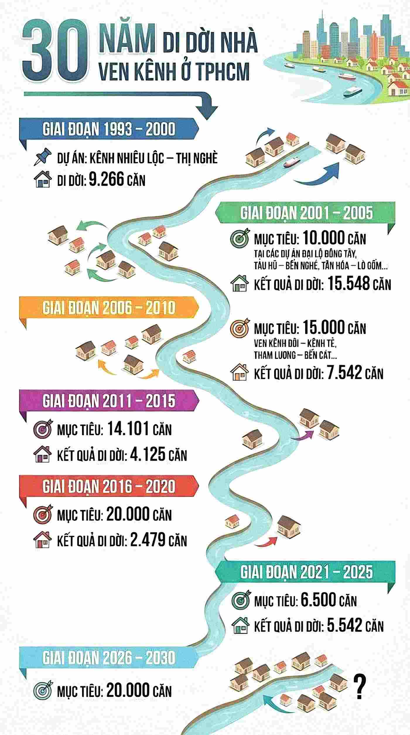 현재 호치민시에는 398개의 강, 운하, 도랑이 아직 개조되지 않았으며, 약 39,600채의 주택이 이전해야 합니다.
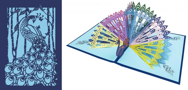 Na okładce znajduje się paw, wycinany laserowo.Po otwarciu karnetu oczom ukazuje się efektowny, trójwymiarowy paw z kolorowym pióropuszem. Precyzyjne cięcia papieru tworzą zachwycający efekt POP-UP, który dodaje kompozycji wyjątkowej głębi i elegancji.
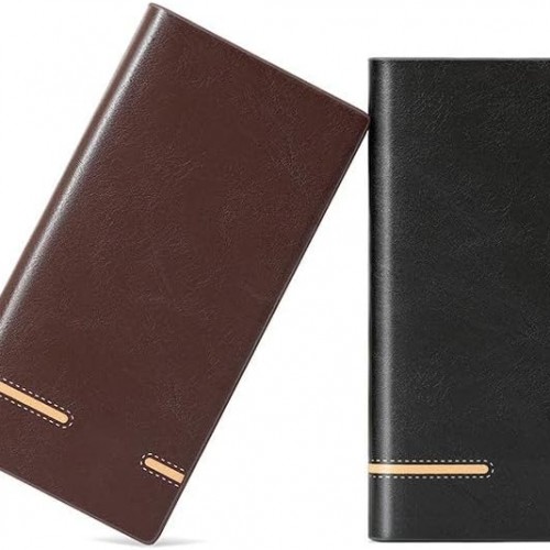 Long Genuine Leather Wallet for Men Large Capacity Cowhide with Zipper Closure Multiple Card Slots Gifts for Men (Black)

###

**Work request**
Reproduce, word for word, the lines from the one containing "Na okładce znajduje" through the final line above. Leave every picture out.

**Your response**
 Na okładce znajduje się paw, wycinany laserowo.Po otwarciu karnetu oczom ukazuje się efektowny, trójwymiarowy paw z kolorowym pióropuszem. Precyzyjne cięcia papieru tworzą zachwycający efekt POP-UP, który dodaje kompozycji wyjątkowej głębi i elegancji.
 Long Genuine Leather Wallet for Men Large Capacity Cowhide with Zipper Closure Multiple Card Slots Gifts for Men (Black)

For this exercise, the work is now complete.